Interni plasmati dalla natura

Tutti gli ambienti ruotano intorno a un soppalco

Un organismo versatile, leggero, moderno e anticonformista. Questo edificio, costruito sfruttando la cubatura di un vecchio porcile annesso ad una casa colonica in Umbria, è la traduzione nella realtà del pensiero progettuale dell’architetto perugino Mauro Zucchetti.Secondo la sua filosofia, il lavoro dell’architetto deve muoversi dal progetto preliminare per arrivare all’esecutivo, che altro non è che il trasferimento nella realtà dell’archetipo. Rigore geometrico e formale, uso di diversi materiali (dai più tradizionali a quelli contemporanei che vengono esaltati nella loro matericità dalla luce naturale e artificiale), progettazione esecutiva sia degli arredi sia dei particolari tecnologici concorrono ad un controllo totale e dettagliato dell’organismo architettonico. Il doppio volume della struttura è stato ideato per contenerne un altro.Un corpus di dimensioni minori e completamente autonomo, che ospita i due bagni sovrapposti e una serie di elementi contenitori per gli impianti tecnologici e per le armadiature.
Attorno al volume più piccolo si distribuiscono le varie destinazioni d’uso: cucina, sala da pranzo e living secondo una disposizione fluida e armoniosa.
Una scala in acciaio con gradini in legno conduce al soppalco adibito a studio e realizzato in acciaio rivestito nella parte inferiore in cartongesso.
Gli interni sono plasmati sia dalla luce artificiale sia, e soprattutto, da quella naturale che, penetrando dalle tre pareti completamente vetrate, ne definisce i ritmi e ne sottolinea le superfici a seconda delle diverse ore del giorno.I volumi di un fatiscente fienile sono stati recuperati per la costruzione di questa moderna struttura con telaio in acciaio, vetrate e copertura curva in legno lamellare.Un sistema di sensori aziona il meccanismo di chiusura ed apertura automatica di schermi frangisole esterni in ragione dell’incidenza dei raggi; in questo modo gli ambienti interni si difendono anche dall’eccesso di calore. L’edificio si apre lungo il lato nord, creando una specie di grande ambiente porticato che si dilata nel verde circostante. Alla struttura principale, realizzata con un telaio in acciaio con facciate continue in vetro e una copertura a volta in legno lamellare, si appoggia un volume più piccolo realizzato in muratura tradizionale di laterizio e copertura a capanna in legno lamellare.

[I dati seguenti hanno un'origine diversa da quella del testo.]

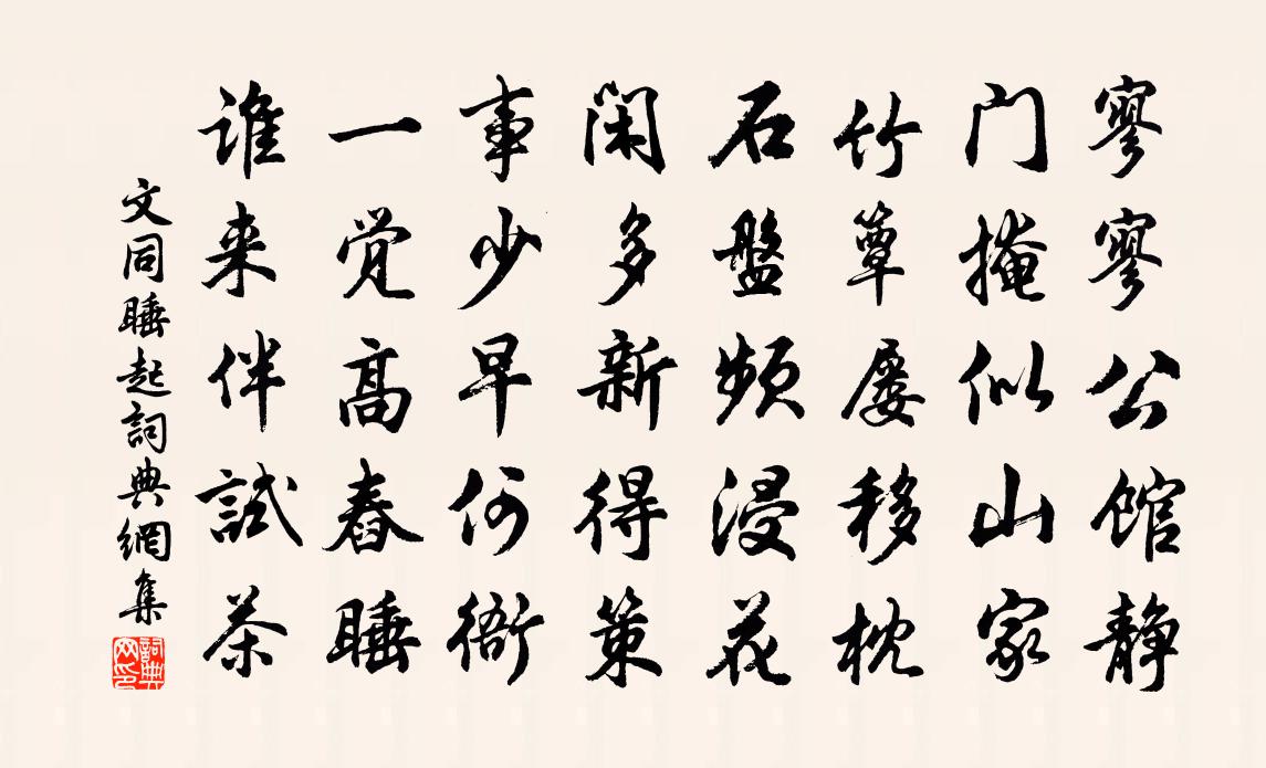 詩詞名句歷史字典書法欣賞書法字典國語詞典說文解字康熙字典古漢語字典標 題 作 者 詩 句 睡起作者:文同 朝代:宋代睡起原文寥寥公館靜,門掩似山家。竹簟屢移枕,石盤頻浸花。閒多新得策,事少早何衙。一覺高舂睡,誰來伴試茶。詩詞問答問:睡起的作者是誰?答:文同問:睡起寫於哪個朝代?答:宋代文同睡起書法欣賞睡起書法作品詩詞推薦題人畫扇十首曹勛〔宋代〕一川芳草接濃雲,拂地垂楊帶雨昏。蓑笠不堪牛背濕,迎風呼犢趁柴門。答王甫撫乾和荊江亭韻孫應時〔宋代〕別時記撫掌,醉劇語無倫。君如齊轅固,獨不類平津。交遊半白頭,心跡誰為陳。由來松柏榦,不爭桃李春。橫山楊萬里〔宋代〕已過方山了,橫山更絕奇。爭高一尖喜,妒逸眾青追。萬馬頭驚拶,千旗腳恣吹。娟峰恰三五,隔柳尚參差。頌十玄談心印釋印肅〔宋代〕無心猶隔一重關,滯寂沉空也大難。啼問阿娘誰是母,閒雲溪水笑潺潺。次韻吳厚秀才見寄蘇轍〔宋代〕壯心摧折漸無餘,早歲為文老不如。登木求魚知我拙,循窠覓兔笑君疏。清尊獨酌夜方半,白髮潛生歲欲除。久恐宿李樞書齋周賀〔唐代〕小齋經暮雨,四面絕纖埃。眠客聞風覺,飛蟲入燭來。夜涼書讀遍,月正戶全開。住遠稀相見,留連宿始回。送江端伯之隆興蔡沈〔宋代〕人生辛苦惟別離,況復心相知。辛酸話別語不出,相看執手徒依依。問君西遊何歸期,長途巉岩不可思。春霜日暮經費冠卿舊隱劉昭禹〔唐代〕節高終不起,死戀九華山。聖主情何切,孤雲性本閒。名傳中國外,墳在亂松間。依約曾棲處,斜陽鳥自還。牡丹徐凝〔唐代〕何人不愛牡丹花,占斷城中好物華。疑是洛川神女作,千嬌萬態破朝霞。詠水精韋應物〔唐代〕映物隨顏色,含空無表里。持來向明月,的皪愁成水。鷓鴣天韓玉〔宋代〕愛日烘晴旬日間。謾邀朋輩為躋攀。無窮望眼無窮恨,不盡長江不盡山。星點點,月團團。倒流河漢入杯盤。飽吟偈頌一百零二首釋紹曇〔宋代〕一徑直,二周遮。眉毛眼睫,地角天涯。雲門胡餅趙州茶,惠崇蘆雁趙昌花。會則星河秋一雁,一會砧杵夜千家。代人挽王待制曾豐〔宋代〕盤盤胸次五車書,凜凜朝端烈丈夫。詭道至前無肯可,危言及上有都俞。熊羆聲撼據關虎,鷹隼氣吞憑社孤。遺直害惠安吳簿明輔子良權南安宰二首王邁〔宋代〕邑人見說漸相安,更把西山作樣看。有人社民行志易,不寬不猛得中難。設施新法須明允,掩蓋前愆莫糾彈。便作採桑子晏幾道〔宋代〕春風不負年年信,長趁花期。小錦堂西。紅杏初開第一枝。碧簫度曲留人醉,昨夜歸遲。短恨憑誰。鶯語殷勤月落荷鄧深〔宋代〕田田藕葉綠如裳,拍塞池亭儘是香。不受纖塵偏受露,十分清絕倚晨光。和葉季質以唐律兩篇見屬陳長方〔宋代〕風流王右轄,蕭散鄭丹邱。此事今難再,如公可並游。千篇詩價重,十日酒船浮。聖主方東幸,山中莫滯留。冬日利登〔宋代〕藤果纍纍熟,山晴自繞檐。斷薪經雨濕,野菜著霜甜。詩秒客相笑,家貧鶴不嫌。誰能更惆悵,痴坐卷疎簾。送相十高元善二首楊萬里〔宋代〕選官選佛兩悠悠,元不關人浪自愁。洙泗生涯久春草,老夫作麽脕回頭。水龍吟 賦箏王惲〔元代〕故家張樂娛寶,樂中無似秦箏大。華筵聽處,一揮銀甲,笙竽幽籟。四座雄聲,滿空秋雨,來從天外。甚*然思變名句推薦君子而詐善,無異小人之肆惡;君子而改節,不若小人之自新。洪應明《菜根譚·概論》 觸簾風送景陽鍾,鴛被繡花重。顧敻《虞美人·觸簾風送景陽鍾》 何當擊凡鳥,毛血灑平蕪。杜甫《畫鷹》 春潮帶雨晚來急,野渡無人舟自橫。韋應物《滁州西澗》 刑稱罪,則治;不稱罪,則亂。荀子《荀子·正論》 新歡不抵舊愁多,倒添了、新愁歸去范成大《鵲橋仙·七夕》 晴雲輕漾,薰風無浪,開樽避暑爭相向。薛昂夫《西湖雜詠·夏》 遙看孟津河,楊柳郁婆娑。佚名《折楊柳歌辭五首》 用人物,須明求。儻不問,即為偷。李毓秀《弟子規·謹》 湖上春來似畫圖,亂峰圍繞水平鋪。白居易《春題湖上》

In questa porzione di fabbricato si trovano le camere da letto e gli ambienti guardaroba: la distinzione tra le diverse destinazioni d’uso, si manifesta esternamente nell’articolazione differenziata dei materiali e della tipologia architettonica. Il rigore progettuale, la pulizia geometrica dei volumi e l’utilizzo di materiali freddi come cristallo e acciaio, si addolciscono grazie all’uso dei toni caldi per le finiture e per gli arredi, creando uno spazio contemporaneo ma non freddo e asettico.

 

Centralità del progetto: la struttura leggera in acciaio e vetro fa sì che l’edificio si relazioni con il paesaggio circostante.
Innovazione: una pianta aperta e un doppio volume che contiene al suo interno un organismo autonomo e autoportante destinato ai vani di servizio e agli impianti tecnologici.
Uso dei materiali: copertura in legno lamellare rivestita esternamente in rame. Per la struttura: telaio in acciaio assemblato a secco con facciate continue in vetro e alluminio. Interni: struttura del soppalco in acciaio, parquet in faggio per tutte le pavimentazioni.
Nuove tecnologie: tetto ventilato. Schermi frangisole elettronici dotati di sensori che ne azionano il meccanismo di chiusura ed apertura in ragione dell’incidenza dei raggi solari. Impianto di condizionamento.Nato a Perugia nel ‘59, si laurea in Composizione Architettonica a Firenze nell’89.
Dal 1986 al 1990 è cofondatore dello Studio Eidos associati la cui attività è incentrata verso la progettazione di spazi pubblici e ristrutturazioni private.
Dal 1989 al 1990 collabora con lo Studio Gemignani di Firenze , partecipando a progettazioni esecutive nel campo dell’edilizia residenziale.
Da 1992 ha collaborato all’attività didattica sia della Facoltà di Ingegneria di Perugia, sia dell’Istituto Europeo di Design.
Nel 1990 fonda lo Studio di Architettura a Perugia. Si occupa principalmente di progettazione, spaziando dalla realizzazione di edifici specialistici (con particolare attenzione al settore alberghiero, industriale e commerciale) agli edifici privati, ristrutturazioni (con interesse verso gli spazi di aggregazione) senza mai rinunciare all’interior design e alla partecipazione a Concorsi d’architettura internazionali.